- Born: 17 September 1943 (age 82) Baltimore, Maryland
- Education: Johns Hopkins University
- Awards: 2007 Ilya Prigogine Medal
- Scientific career
- Fields: Theoretical ecology; Thermodynamics;
- Workplaces: University of Maryland University of Florida

= Robert Ulanowicz =

American theoretical ecologist

Robert Edward Ulanowicz (/jəˈlænəwɪts/ yə-LAN-ə-wits; born 17 September 1943) is an American theoretical ecologist and philosopher of Polish descent who in his search for a unified theory of ecology has formulated a paradigm he calls Process Ecology. He was born September 17, 1943, in Baltimore, Maryland.

He served as professor of theoretical ecology at the University of Maryland Center for Environmental Science's Chesapeake Biological Laboratory in Solomons, Maryland, until his retirement in 2008. Ulanowicz received both his BS and PhD in chemical engineering from Johns Hopkins University in 1964 and 1968, respectively.

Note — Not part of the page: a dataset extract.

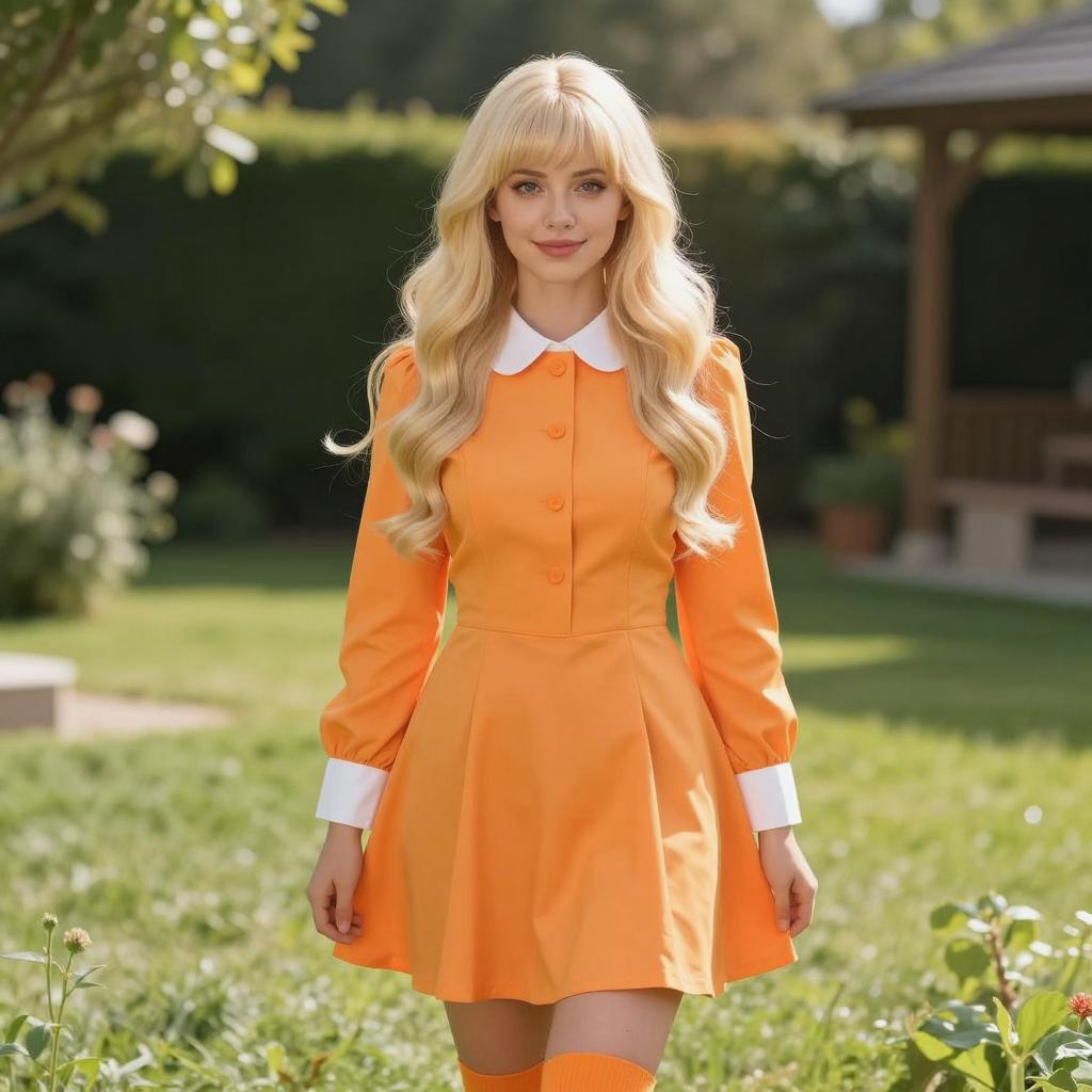 Blondie fancy dress costume, photograph of a blonde woman in an orange dress, long wavy hair, standing in a sunny garden, bright green grass, blurred trees and bushes in the background, orange buttons on the dress, white cuffs, daytime, natural light, soft focus, casual style, woman centered, slight smile, soft makeup, hair bangs, orange socks, realistic, anime-style, T2I generated image

Ulanowicz currently resides in Gainesville, Florida, where he holds a courtesy professorship in the Department of Biology at the University of Florida. Since relocating to Florida, Ulanowicz has served as a scientific advisor to the Howard T. Odum Florida Springs Institute, an organization dedicated to the preservation and welfare of Florida's natural springs.

==Overview==
Ulanowicz uses techniques from information theory and thermodynamics to study the organization of flows of energy and nutrients within ecosystems. Although his ideas have been primarily applied in ecology, many of his concepts are abstract and have been applied to other areas in which flow networks arise, such as psychology and economics.

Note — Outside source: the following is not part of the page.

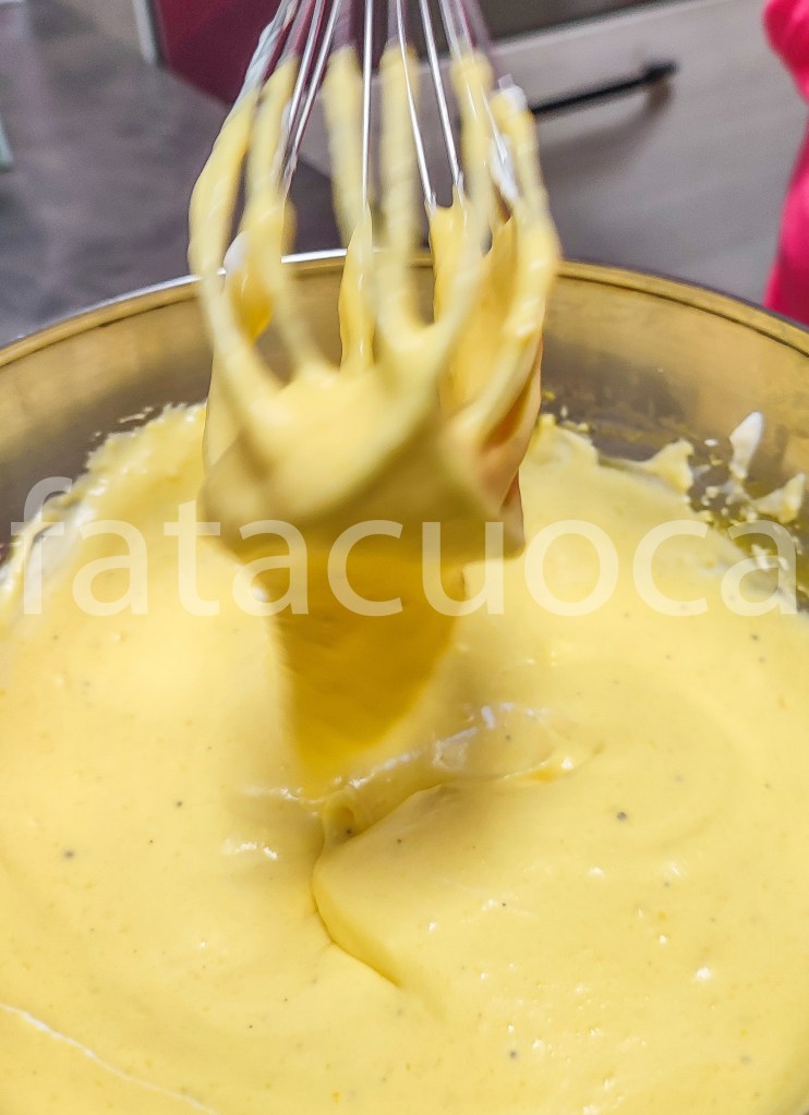 Per preparare la farcia: tagliare a bastoncino il guanciale e metterlo in una piccola padella a scaldare. Dividere il guanciale croccante dall’olio. In una ciotola amalgamare i tuorli, l’uovo, il pecorino, una piccola parte di olio del guanciale, il pepe pochissimo sale e cuocere a bagno maria per 6/ 7 minuti. Raffreddare e aggiungere la panna montata. Mettere in una sacca a poche e lasciarla raffreddare in frigorifero.

Though Ulanowicz began his career modeling ecological systems using differential equations, he soon reached the limits of this approach. Realizing that any ecosystem is a complex system, he decided to move away from what he saw as the inappropriate use of the reductionist approach, and instead began to work towards development of theoretical measures of the ecosystem as a whole, such as ascendency. Gradually, he came to appreciate the ecosystem behavior is not simply a matter of "mechanics with noise," but rather an intricate interplay between opposing tendencies—autocatalytic-like self-organization and entropic decay. This natural conversation could be followed quantitatively using information-theoretic measures applied to networks of trophic processes.

Following Gregory Bateson, Ulanowicz points out how ecology differs significantly from physics in that constraints that are absent play important roles in ecosystem dynamics. He also argues how the homogeneous laws of physics only constrain the behavior of very heterogeneous ecosystems but are incapable by themselves of determining outcomes. He goes so far as to suggest that an entirely new metaphysics, which he calls Process Ecology, is required to understand complex living systems.

One pertinent discovery by Ulanowicz was that ecosystems do not progress to maximum efficiency. Ecosystems that channel too much activity along the most efficient pathways do so at the expense of redundant, less-efficient processes that can function to take over vital activities in the event that the more efficient processes are disrupted. Ecosystems that persist are those that achieve a balance between the mutually exclusive attributes of efficiency and reliability. This result from nature poses a significant challenge to mainstream economics, wherein market efficiency is held to be the sine qua non.

==Publications==
Ulanowicz has authored or co-authored over two hundred articles in theoretical ecology and related areas of philosophy, especially those dealing with autocatalysis and causality. He has authored three books to date.

- A Third Window: Natural Life Beyond Newton and Darwin, Templeton Foundation Press (2009) (ISBN 159947154X)--A description of Ulanowicz's new metaphysics
- Ecology: The Ascendant Perspective, Columbia University Press (1997) (ISBN 0231108281) - Causality in living systems, written for a more general audience
- Growth and Development - Ecosystems phenomenology, Springer (1986) (ISBN 0387962654) - A more technical exposition of Ulanowicz's early ideas

==Palms==

While living in Maryland, Ulanowicz took up a hobby of cultivating and casually breeding cold-hardy palm trees; he drew attention for a Windmill palm on Solomons Island that grew taller than the one-story building it was planted outside.

==Awards==
Ulanowicz was named the recipient of the 2007 Ilya Prigogine Medal for outstanding research in ecological systems. He participated in the Stock Exchange of Visions project in 2007.

Ulanowicz was a featured speaker at the 2009 Ill STOQ International Conference entitled "Biological Evolution: Facts and Theories," which discussed the impacts and effects of the publication of On the Origin of Species by Charles Darwin.